A number of reports suggested that the color signals within V1 are carried by a special dedicated population of unoriented cells (Livingstone and Hubel, 1984; Roe and Ts'o, 1999; Ts'o and Gilbert, 1988). These results have been challenged more recently. In particular, Leventhal et al. (1995) found that most cells in the superficial layers of V1 are sensitive to both the orientation and color of a visual stimulus. In addition, many of these cells also signal the stimulus' direction of motion. More recently, Johnson et al. (2001) showed that V1 cells can simultaneously encode both the chromatic and spatial characteristics of a stimulus. These important findings raise serious doubts about the notion that color information is treated separately from other visual attributes within area V1.

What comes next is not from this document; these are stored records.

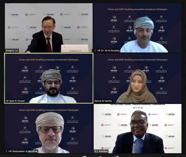استضافت السلطنة ممثلة بجهاز الاستثمار العماني مؤخرًا ندوة "تمكين إستراتيجيات الاستثمار المبتكرة" لمجلس محافظي بنك آسيا للاستثمار في البنية الأساسية، التي تأتي تمهيدًا للاجتماع السنوي للبنك في أكتوبر من العام الجاري، حيث تحدث فيها عددٌ من أصحاب المعالي وكبار المسؤولين من السلطنة والبنك، وذلك عبر الاتصال المرئي.
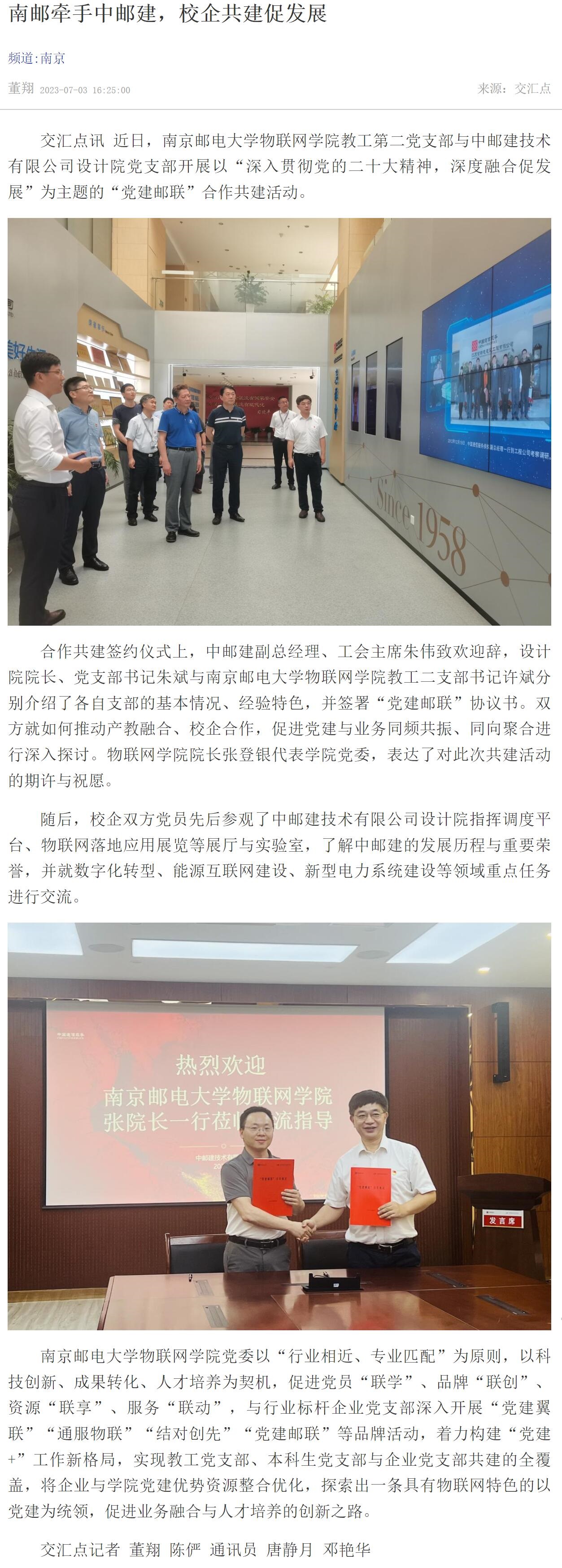 【新华日报客户端】南邮牵手中邮建,校企共建促发展
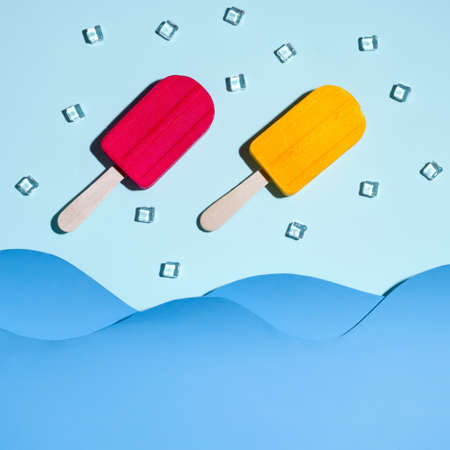 Ice cream popsicle. Fruity popsicle, ice cream with berries, fruits on color pastel background. Frozen fruit berry popsicle. Homemade ice lolly. Summer ice cream minimal fashion idea. Realistic photo
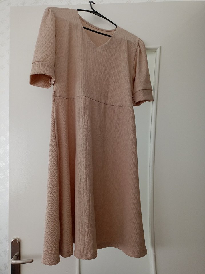 Bej keten midi elbise, bol kesim, kısa kollu ve V yakalıdır. Fullamodadan aldım ve hiç giymedim.
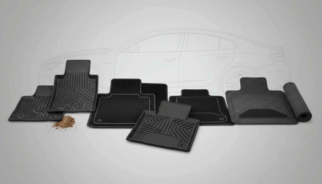 Materialerne spænder fra slidstærkt gummi til blødere tæppe- eller velour-måtter. Gummimåtter er særligt velegnede til vinter og regnvejr med høj kant, der holder snavs ude, mens tæppe-måtter giver et mere luksuriøst look og komfort. Ved købet bør du overveje bilmodel og år, kantens højde, anti-slip egenskaber og hvor let måtten er at rengøre. Nogle sæt fås som komplette bilsæt, andre som modulbaserede løsninger.
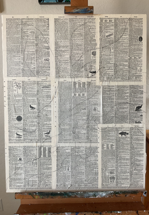 For this discussion, I’ll focus on the latest in my series of paintings inspired by high tide on a local beach - a 24x30 acrylic called Tidefoam, shown on the left. I began by taking photos of seafoam and kelp washed up by the tide. Back in my studio, I chose some pages from a 1930s dictionary, focusing on words related to sea life and water, and mounted them on a birch panel with matte medium. I then did a rough sketch, based on my references. After that, I layered several glazes in varying hues to build up the background, and then began the incredibly fiddly and time-consuming business of painting the final images in acrylic, using tiny brushes. I finished off the piece with a gloss coat.
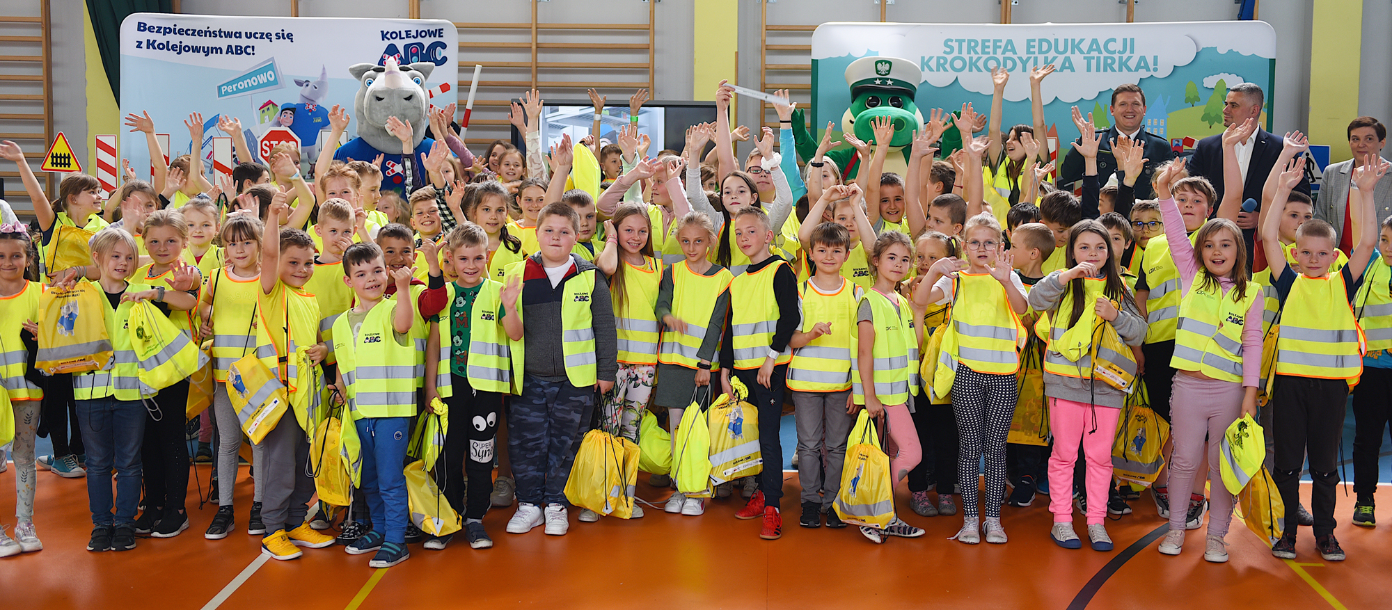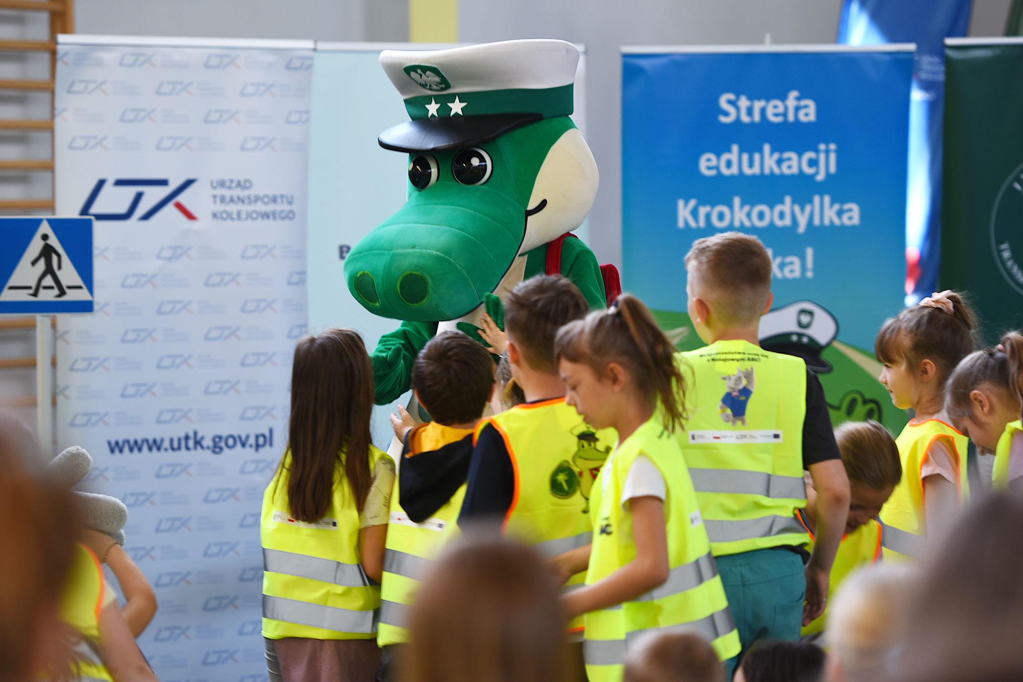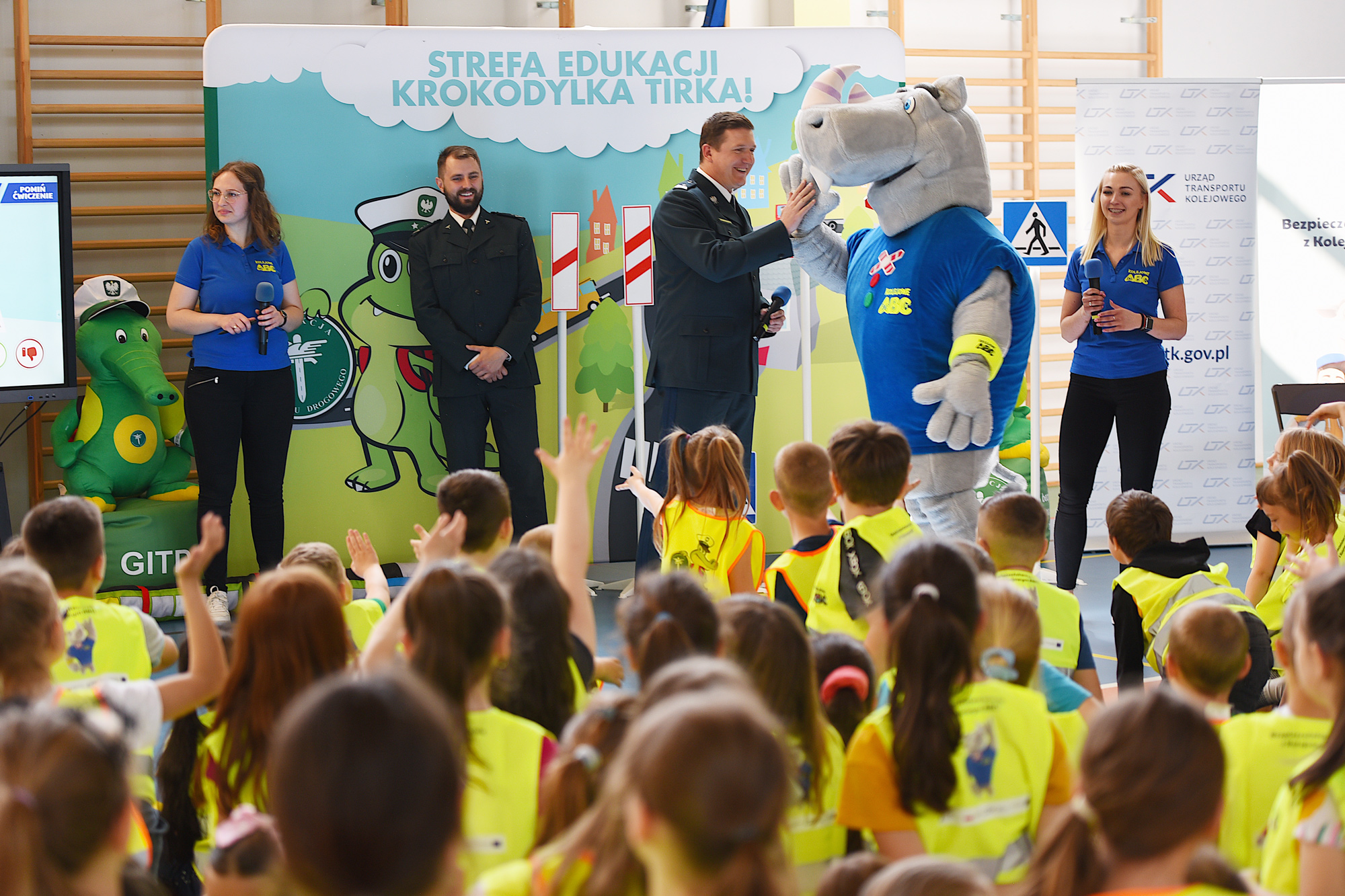 Krokodylek Tirek i Rogatek połączyli siły i zawitali wspólnie do jednej ze szkół podstawowych na Mazowszu. Zasady bezpiecznego poruszania się po drogach i korzystania z obszarów kolejowych przypomnieli dzieciom p.o. zastępca Głównego Inspektora Transportu Drogowego Michał Mostowski i wiceprezes Urzędu Transportu Kolejowego Marcin Trela.
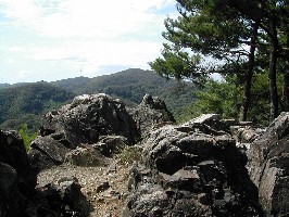 千人岩と千人岩から眺めた景色 千人岩は常山合戦時城方の退路遮断のため敵方が千人の兵を配したと言われている 山頂には大きなテレビ塔が二基立っている。周辺に電波を遮るようなものがない常山は、中継所としては絶好
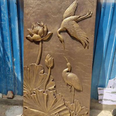 玻璃鋼仿銅仙鶴荷花浮雕畫
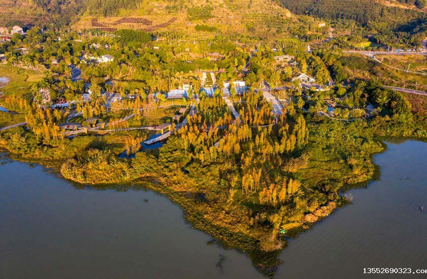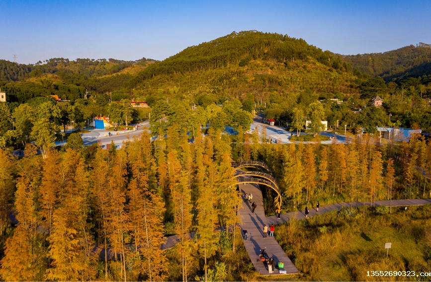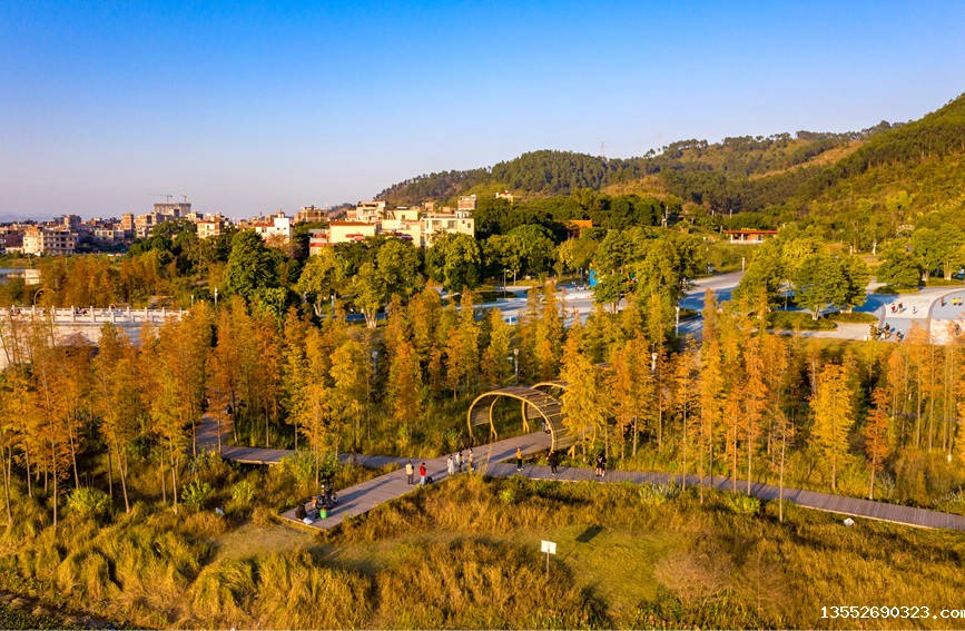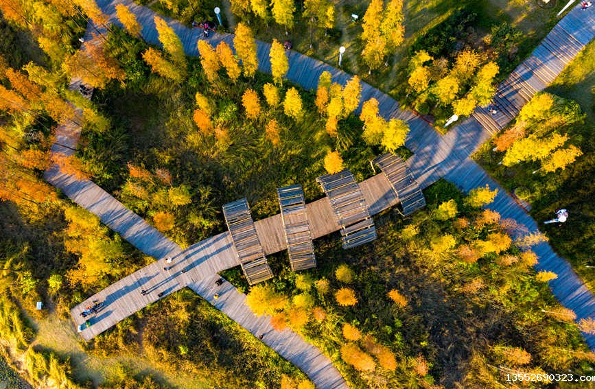 湿地公园内,层林尽染,五彩斑斓,景美如画,成为市民休闲娱乐的好去处。
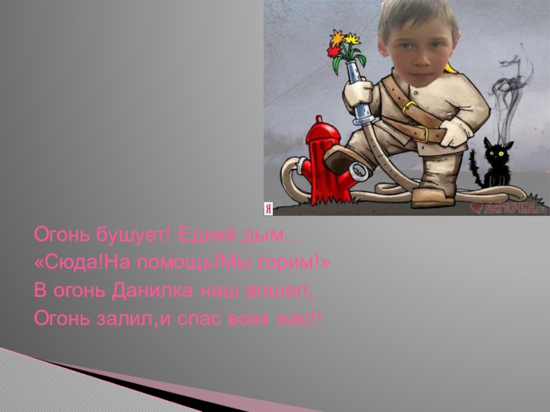 Огонь бушует! Едкий дым…«Сюда!На помощь!Мы горим!»В огонь Данилка наш вошел,Огонь залил,и спас всех нас!!
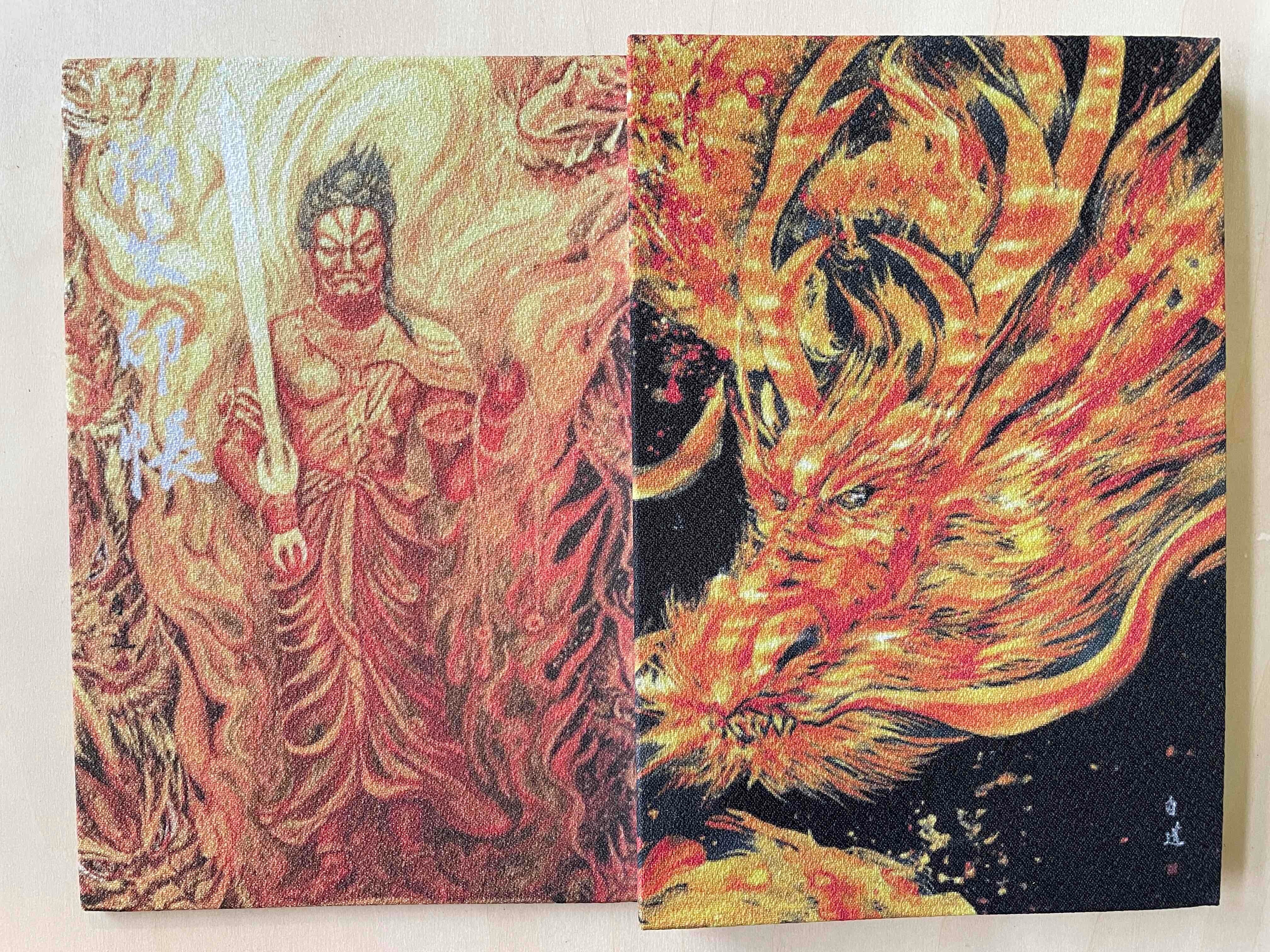 現代水墨画家 絵師白道 御朱印帳 「不動明王と八大竜王」  直筆御朱印付き ちりめん ビニールカバー付き 龍 絵 絵画 現代アート
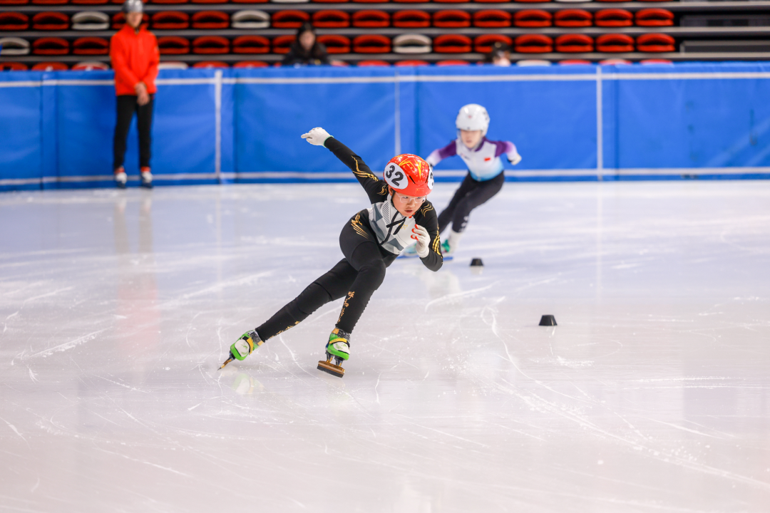 第十二届全国大众冰雪季呼和浩特市大众短道速度滑冰公开赛,选手正在全力冲刺。
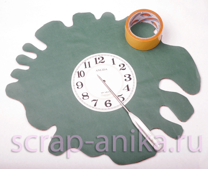 вырезаем по контуру наши будущие часы. Делаем по центру отверстие. ВНИМАНИЕ! Отцентрируйте часы! Я для этого вставила шило в отверстие и прислонила к стене основу. Если основа не переворачивается, то Вы сделали всё правильно. Очень часто делают эту ошибку - не центрируют часы. А потом они на стене начинают переворачиваться и падать. Приклеила на основу зелёную бумагу (двойным скотчем или клеем - кому как удобно). Циферблат я не делала - поставила тот, который был с готовых часов. Еще взяла с готовых часов механизм и стрелки.

While the contribution of V1 cells to color constancy has not been studied systematically, several results bear on that issue. In particular, a number of studies reported the existence of a population of double-opponent cells in the primary visual cortex of primates (Livingstone and Hubel, 1984; Michael, 1978a, 1978b, 1978c, 1979). These cells have a spatially and chromatically antagonistic center-surround organization, and their properties could lead them to play an important role in achieving color constancy (Zeki, 1980). Although some studies reported only a very low incidence of such cells in V1 (Lennie et al., 1990; Ts'o & Gilbert, 1988), their existence has been confirmed by more recent reports (Conway, 2001; Johnson et al., 2001). Finally, a possible role of V1 cells in color constancy is supported by their ability to adapt during prolonged exposure to a habituating stimulus (Lennie et al., 1994), while LGN neurons do not (Derrington and Lennie, 1984). Similar results have been reported by Engel and Furmanski (2001), who used fMRI to investigate the adaptability of the human primary visual cortex to chromatic stimuli. While these results suggest that the response properties of V1 cells could contribute to color constancy, they are by no means conclusive proof that color constancy is achieved in V1.